One of the primary hurdles is the lack of valuable, structured data on smaller firms. Unlike large corporations, which are often required to disclose detailed financial and operational information, small private companies might operate with minimal public visibility. This opacity complicates the identification of potential ESG risks, as relevant data is often buried in unstructured sources like social media, local news, or niche industry reports. The challenge is not just about finding information but also about extracting meaningful insights from a diverse array of sources that may not adhere to standardized reporting practices.
Additionally, the diversity in language and terminology used by smaller firms further complicates the identification of ESG controversies. Risks are often discussed in context-specific ways, using industry jargon or localized expressions that do not easily translate into a standard risk assessment framework. This linguistic variation can lead to misunderstandings or even the complete overlooking of critical ESG issues. Therefore, private equity firms require advanced tools capable of interpreting and standardizing this information to ensure comprehensive risk identification.
Artificial Intelligence vs. Traditional Methods
Artificial Intelligence (AI) has emerged as a game-changing tool for identifying ESG controversies, offering significant advantages over traditional methods. While conventional approaches rely heavily on structured data from formal reports and disclosures, AI technologies, such as natural language processing (NLP) and machine learning, can analyze vast amounts of unstructured data from diverse sources. This capability is particularly crucial for private equity firms focused on small companies, where relevant information may be scattered across social media posts, obscure local news articles, and other non-traditional outlets.

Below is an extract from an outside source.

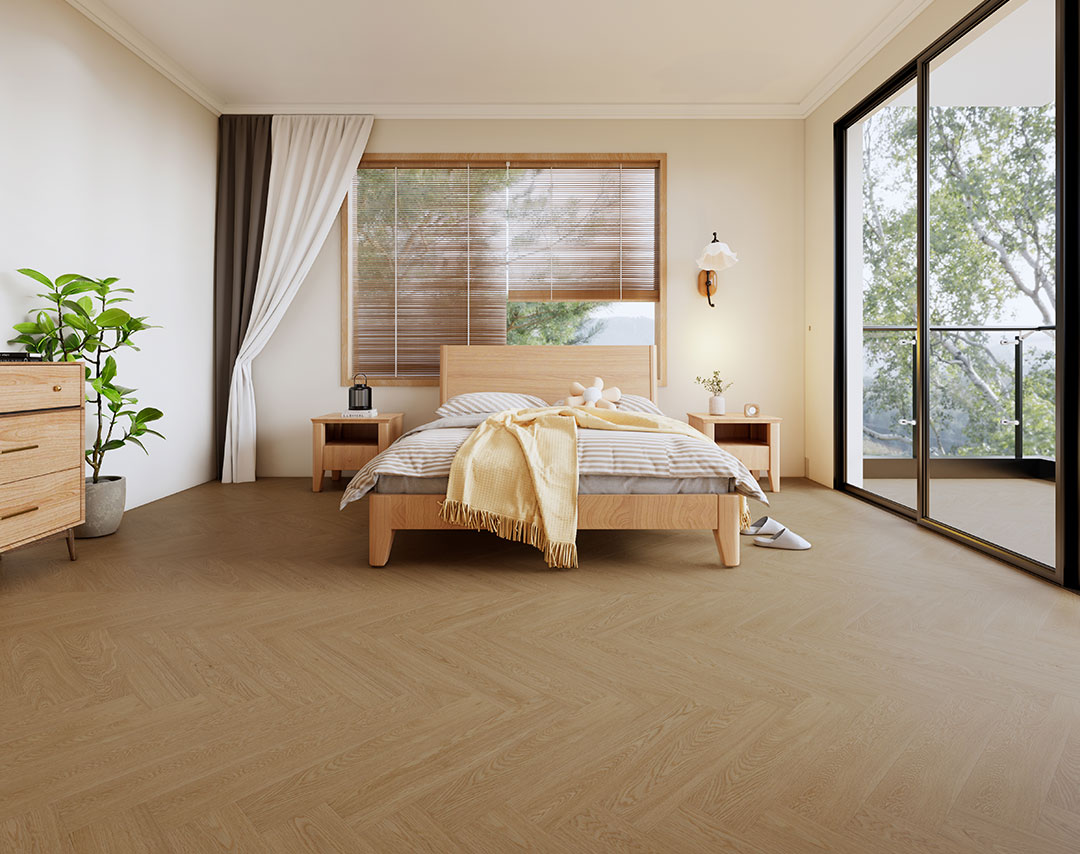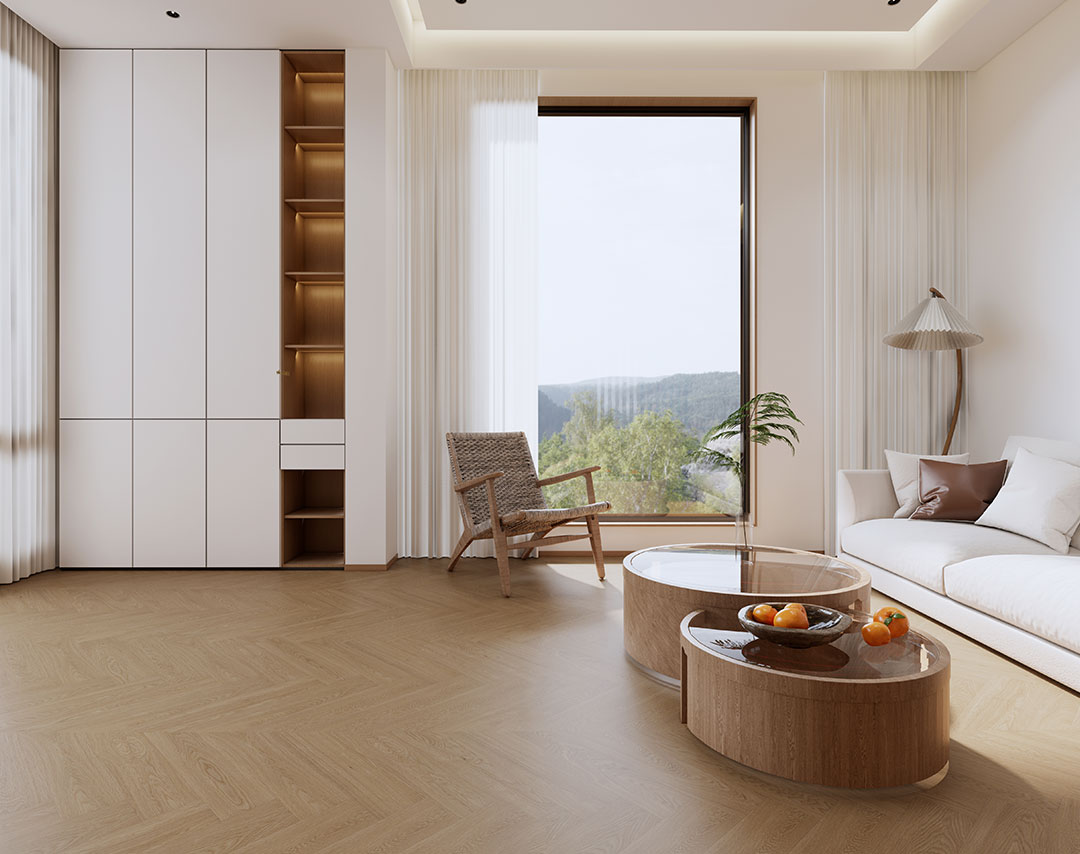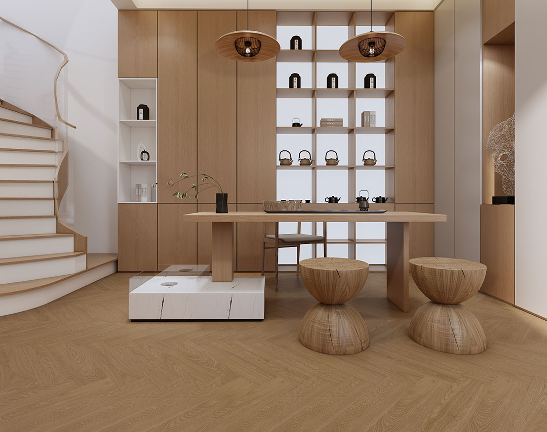 精巧的本色橡木人字拼,自然、質(zhì)樸的美感呼之欲出。人字拼的藝術(shù)拼花形式,讓家居空間在視覺(jué)上更具層次感和立體感。一束光影,一顆南天竹,一絲絲木紋,當(dāng)風(fēng)停在窗邊的時(shí)候,一切都成了療愈的序言。

Traditional methods often fall short in dealing with the unstructured and fragmented nature of data related to smaller firms. These methods might miss emerging controversies discussed informally in niche blogs or industry-specific forums. In contrast, AI-powered tools can continuously monitor these sources in real time, identifying potential ESG risks before they escalate. This proactive approach allows firms to address issues early, providing a more comprehensive and nuanced understanding of the risks associated with their investments.
Moreover, AI's ability to process and analyze diverse languages and terminology offers a significant edge. By decoding industry-specific jargon and translating localized expressions into a standardized risk framework, AI helps private equity firms overcome the linguistic barriers that traditional methods struggle with. This capability ensures that no critical ESG controversy is overlooked due to language differences, thereby enhancing the accuracy and effectiveness of risk assessments.

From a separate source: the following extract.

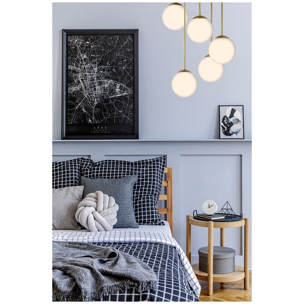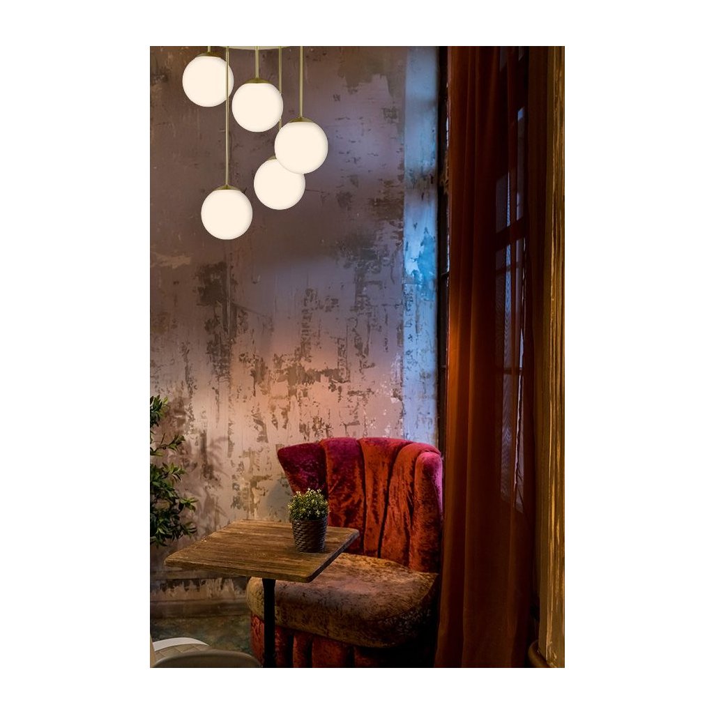 Vytvořte jedinečnou atmosféru ve svém interiéru díky elegantní stropní lampě s pěti stínidly. Stínidla jsou vyrobena z vysoce kvalitního bílého skla s matnou texturou. Zlatý kryt a kulatá stínidla rozptylují světlo, čímž vytvářejí příjemnou atmosféru v každé místnosti – od kuchyně přes ložnici až po stylovou kavárnu.
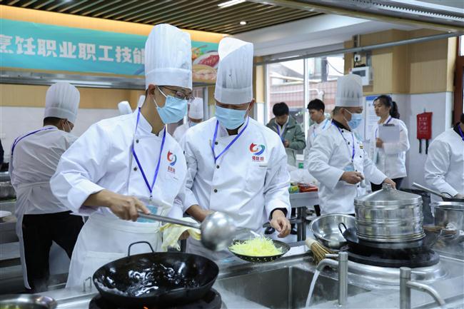 韓靜華宣布烹飪職業(yè)技能競賽正式開始。據(jù)悉,本次競賽共有來自6個管理中心的50余名選手參加,分為中式烹調(diào)師專業(yè)組、業(yè)余組和廚王爭霸個人賽三個組別,參賽選手需在規(guī)定時間內(nèi)完成指定菜品。比賽現(xiàn)場香氣四溢,選手們各自拿出“看家本領(lǐng)”,展現(xiàn)了專業(yè)的刀工與技法,各色食材經(jīng)大廚們的巧手后制作成造型獨特、口味鮮美的精品佳肴,令觀眾們大飽眼福。

To sum it up, while traditional methods have their place, AI technologies provide a more robust, dynamic, and precise approach to identifying ESG controversies. By leveraging AI, private equity firms can better navigate the complexities of data sourcing, interpretation, and risk management, ultimately leading to more secure and informed investment decisions.
Streamlining ESG Controversy Detection with AI
Detecting ESG controversies with AI involves several crucial steps, each contributing to the precise identification of potential risks. The attached diagram illustrates a generalized AI-driven approach to detecting ESG controversies.
Step 1: Data Collection
The first step in this AI process is collecting vast amounts of web-based information to create a comprehensive data lake. This data lake acts as a repository, storing raw data in its original format. AI systems thrive on large datasets to enhance accuracy, and the data lake ensures that this requirement is met by allowing real-time data ingestion. By preserving historical information, the system can perform trend analyses that are crucial for identifying emerging controversies.
Step 2: Organizing & Cleaning the Data
Once collected, the data undergoes an essential organization and cleaning process. This step involves standardizing and categorizing the data to make it more accessible for analysis. By filtering out irrelevant information and tagging essential data points, the system can quickly and efficiently process large datasets. This organization allows for faster analysis and ensures that only the most relevant information is considered, eliminating the noise that can obscure critical insights.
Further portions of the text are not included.